-
@ Mike Dilger ☑️
2023-07-29 03:13:59Gossip: Switching to LMDB
Unlike a number of other nostr clients, Gossip has always cached events and related data in a local data store. Up until recently, SQLite3 has served this purpose.
SQLite3 offers a full ACID SQL relational database service.
Unfortunately however it has presented a number of downsides:
- It is not as parallel as you might think.
- It is not as fast as you might hope.
- If you want to preserve the benefit of using SQL and doing joins, then you must break your objects into columns, and map columns back into objects. The code that does this object-relational mapping (ORM) is not trivial and can be error prone. It is especially tricky when working with different types (Rust language types and SQLite3 types are not a 1:1 match).
- Because of the potential slowness, our UI has been forbidden from direct database access as that would make the UI unresponsive if a query took too long.
- Because of (4) we have been firing off separate threads to do the database actions, and storing the results into global variables that can be accessed by the interested code at a later time.
- Because of (4) we have been caching database data in memory, essentially coding for yet another storage layer that can (and often did) get out of sync with the database.
LMDB offers solutions:
- It is highly parallel.
- It is ridiculously fast when used appropriately.
- Because you cannot run arbitrary SQL, there is no need to represent the fields within your objects separately. You can serialize/deserialize entire objects into the database and the database doesn't care what is inside of the blob (yes, you can do that into an SQLite field, but if you did, you would lose the power of SQL).
- Because of the speed, the UI can look stuff up directly.
- We no longer need to fork separate threads for database actions.
- We no longer need in-memory caches of data. The LMDB data is already in-memory (it is memory mapped) so we just access it directly.
The one obvious downside is that we lose SQL. We lose the query planner. We cannot ask arbitrary question and get answers. Instead, we have to pre-conceive of all the kinds of questions we want to ask, and we have to write code that answers them efficiently. Often this involves building and maintaining indices.
Indices
Let's say I want to look at fiatjaf's posts. How do I efficiently pull out just his recent feed-related events in reverse chronological order? It is easy if we first construct the following index
key: EventKind + PublicKey + ReverseTime value: Event Id
In the above, '+' is just a concatenate operator, and ReverseTime is just some distant time minus the time so that it sorts backwards.

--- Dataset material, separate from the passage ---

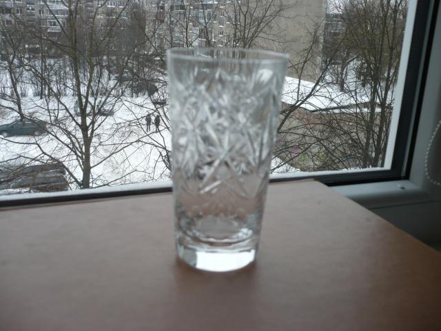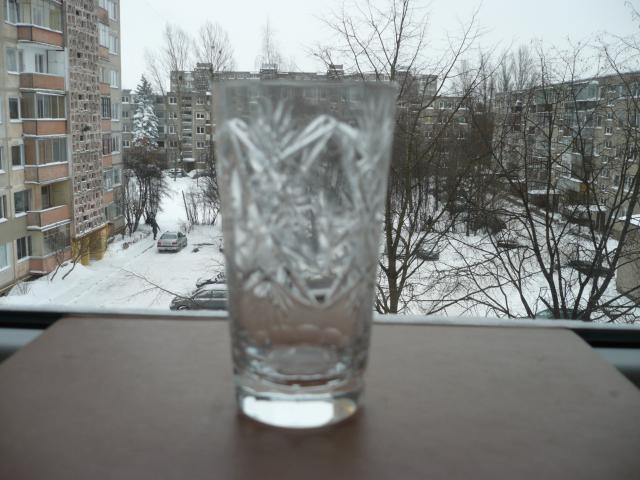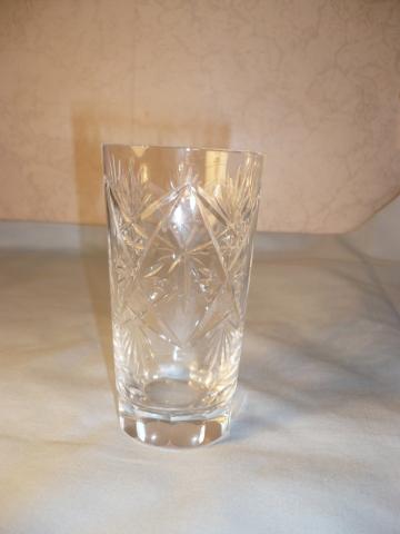 Krištolinė čekiško tarybinių laikų krištolo taurė-stiklinė, nenaudota. Pagrindas 1,5 cm storio, briaunuotas, atrodo kaip veidrodinis, todėl ji stabiliai stovi. Visa gražiai išgraviruota, ko niekaip nepavyko nufotografuoti nei dienos šviesoje, nei prie elektros. Aukštis-11 cm. Pagrindo skersmuo 4,5 cm, viršaus skersmuo 6 cm. Kaina 7 €

Now I just ask LMDB to start from (EventKind=1 + PublicKey=fiatjaf + now) and scan until either one of the first two fields change, or more like the time field gets too old (e.g. one month ago). Then I do it again for the next event kind, etc.
For a generalized feed, I have to scan a region for each person I follow.
Smarter indexes can be imagined. Since we often want only feed-related event kinds, that can be implicit in an index that only indexes those kinds of events.
You get the idea.
A Special Event Map
At first I had stored events into a K-V database under the Id of the event. Then I had indexes on events that output a set of Ids (as in the example above).
But when it comes to storing and retrieving events, we can go even faster than LMDB.
We can build an append-only memory map that is just a sequence of all the events we have, serialized, and in no particular order. Readers do not need a lock and multiple readers can read simultaneously. Writers will need to acquire a lock to append to the map and there may only be one writer at a time. However, readers can continue reading even while a writer is writing.
We can then have a K-V database that maps Id -> Offset. To get the event you just do a direct lookup in the event memory map at that offset.
The real benefit comes when we have other indexes that yield events, they can yield offsets instead of ids. Then we don't need to do a second lookup from the Id to the Event, we can just look directly at the offset.
Avoiding deserialization
Deserialization has a price. Sometimes it requires memory allocation (if the object is not already linear, e.g. variable lengthed data like strings and vectors are allocated on the heap) which can be very expensive if you are trying to scan 150,000 or so events.
We serialize events (and other objects where we can) with a serialization library called speedy. It does its best to preserve the data much like it is represented in memory, but linearized. Because events start with fixed-length fields, we know the offset into the serialized event where these first fields occur and we can directly extract the value of those fields without deserializing the data before it.
This comes in useful whenever we need to scan a large number of events. Search is the one situation where I know that we must do this. We can search by matching against the content of every feed-related event without fully deserialing any of them.